How I Analyze Bank Stocks

We did a Focused Compounding Podcast episode that was 100% dedicated to bank investing.

In that podcast notice that I analyze banks completely differently than most value investors. I don’t believe price-to-book is an especially important metric. I value banks based on the amount of their share price, their deposits per share (so P/Deposits so to speak), their growth in deposits, and finally the profitability of those deposits (how low cost are they, how “sticky” are they).

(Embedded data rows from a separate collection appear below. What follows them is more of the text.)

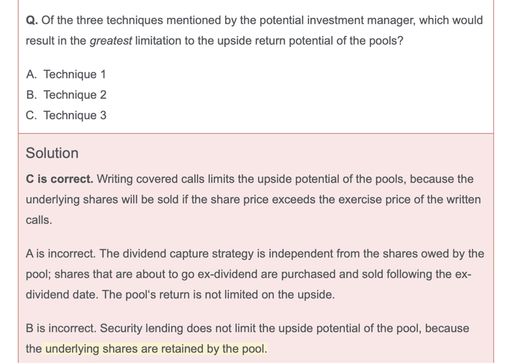 这道题我对upside potential和投票权都有疑问: 1.security lending 和covered call writing的upside potential, security lending是持有stock+借来stock再卖出(持有股票这点,也可参考答案“stock is retained by the fund”) cover call writing是持有stock+ short call 怎么比较两个的upside potential? 2.dividend capture持有股票,卖出前都有投票权 security lending,借来的股票(lender和borrower都无投票权,投票权在买的人),但是目前持有的自己的stock还有投票权 covered call持有股票,被迫行权前都有投票权 都有投票权,如何比较?【麻烦老师看下我说的再回复啦,谢谢!】
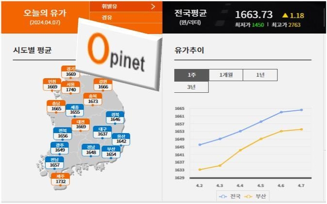 6일 한국석유공사 유가정보시스템 오피넷에 따르면 4월 첫째 주(3월 31일∼4월 4일) 전국 주유소 휘발유 평균 판매가는 L당 1천647.0원으로 직전 주 대비 7.5원 상승했다.
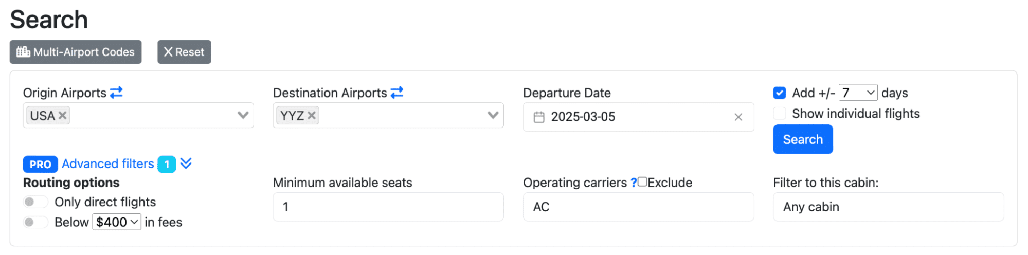 Comparatively, Roame only allows you to search a single airport, airport city code, or geographical region at a time for both origin and destination.
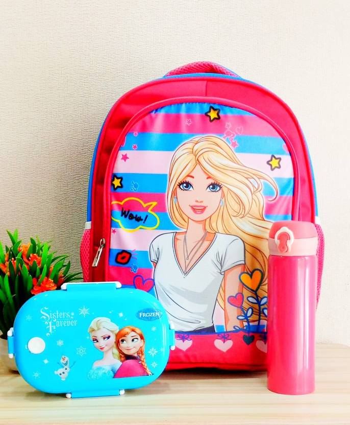 Priceless Deals Small 16 L Backpack Kids' 3D Design School Bags with Lunch Box & Water Bottle| Girl's School Set (Pink)

I spend very little time on the asset side of the bank except to see if I think it is safe enough for me. I just assume – and this assumption isn’t 100% correct or anything – that money is a commodity, so banks will make roughly similar amounts over time on whatever they lend out, buy bonds with, etc.

However – at least among U.S. banks – you have banks that pay very different amounts on their deposits (in interest), and even MORE important very, VERY different amounts in terms of non-interest expenses per dollar of deposits. There are banks in the U.S. that have $50 million per branch and pay HIGHER interest on most deposits compared to banks that have $200 million per branch. The bank with 4 times the deposits per branch brought in with MORE non-interest bearing accounts is going to have such a “all-in” cost advantage over the other bank that it can make fewer loans and buy more bonds, it can make safer loans that yield less, it can buy shorter-term bonds that yield less, etc. and it’ll still make more money than the bank that has to hustle to make the highest yielding loans, buy the highest yielding bonds, etc.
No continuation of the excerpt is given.